A small block on a frictionless horizontal surface has a mass of 2.50×10−2 Kg. It is attached to a massless cord passing through a hole in the surface. The block is originally revolving at a distance of 0.300 m from the hole with an angular speed of 1.75 rad/s. The cord is then pulled from below, shortening the radius of the circle in which the block revolves to 0.150 m. You may treat the block as a particle.

Question

A small block on a frictionless horizontal surface has a mass of 2.50×10−2 Kg. It is attached to a massless cord passing through a hole in the surface. The block is originally revolving at a distance of 0.300 m from the hole with an angular speed of 1.75 rad/s. The cord is then pulled from below, shortening the radius of the circle in which the block revolves to 0.150 m. You may treat the block as a particle. 
A) is angular momentum conserved? 
B) What is the new angular speed?
C) Find the change in kinetic energy of the block.
D) how much work was done in pulling the cord.

For C i have: 
KEf=(1/2)(2.5*10^-2)(.150*7)^2 
=.01378125

KEi=(1/2)(2.5*10^-2)(.300*1.75)^2 
=.0034453125

Count Iblis · Answer

That's correct. Try to think about why angular momentum is conserved and why kinetic energy is not conserved.

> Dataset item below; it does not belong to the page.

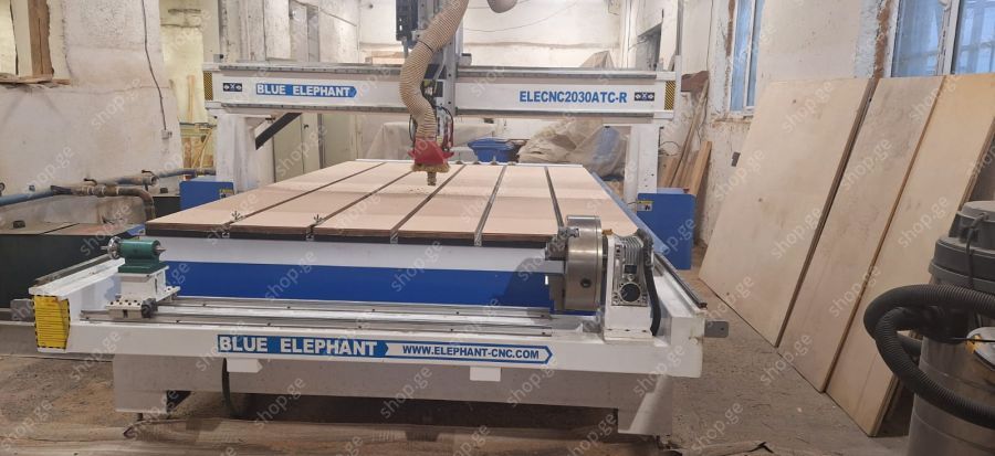 9კვტ შპინდელი, მაგიდა 2X3 ზე, 6 ცალი ფრეზის ავტომატური შეცვლა, ნოლის ავტომატური აღება, 2 ვაკუუმ ტუმბო.
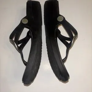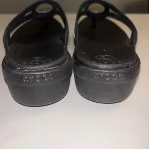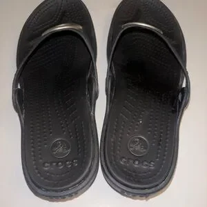 Stylish black sandals with a silver circular accent. Comfortable and versatile for any occasion. This is a pair of black Crocs Women's Sanrah Beveled Circle Wedge Flip sandals with a silver-colored O-ring. Preowned as is in a size 7. Make an offer

You can also consider a similar problem where the cord is not pulled but instead it is wrapping itself around a stick. What happens to angular momentum and kinetic energy in this case?

Sarah · Answer

how do you find B and D then?

Count Iblis · Answer

B: form conseravtion of momentum, which yields the angular velocities of 7 rad/sec that you used. D follows from conservation of energy. The work done equals the increase in kinetic energy.

Count Iblis · Answer

Typo: momentum --> angular momentum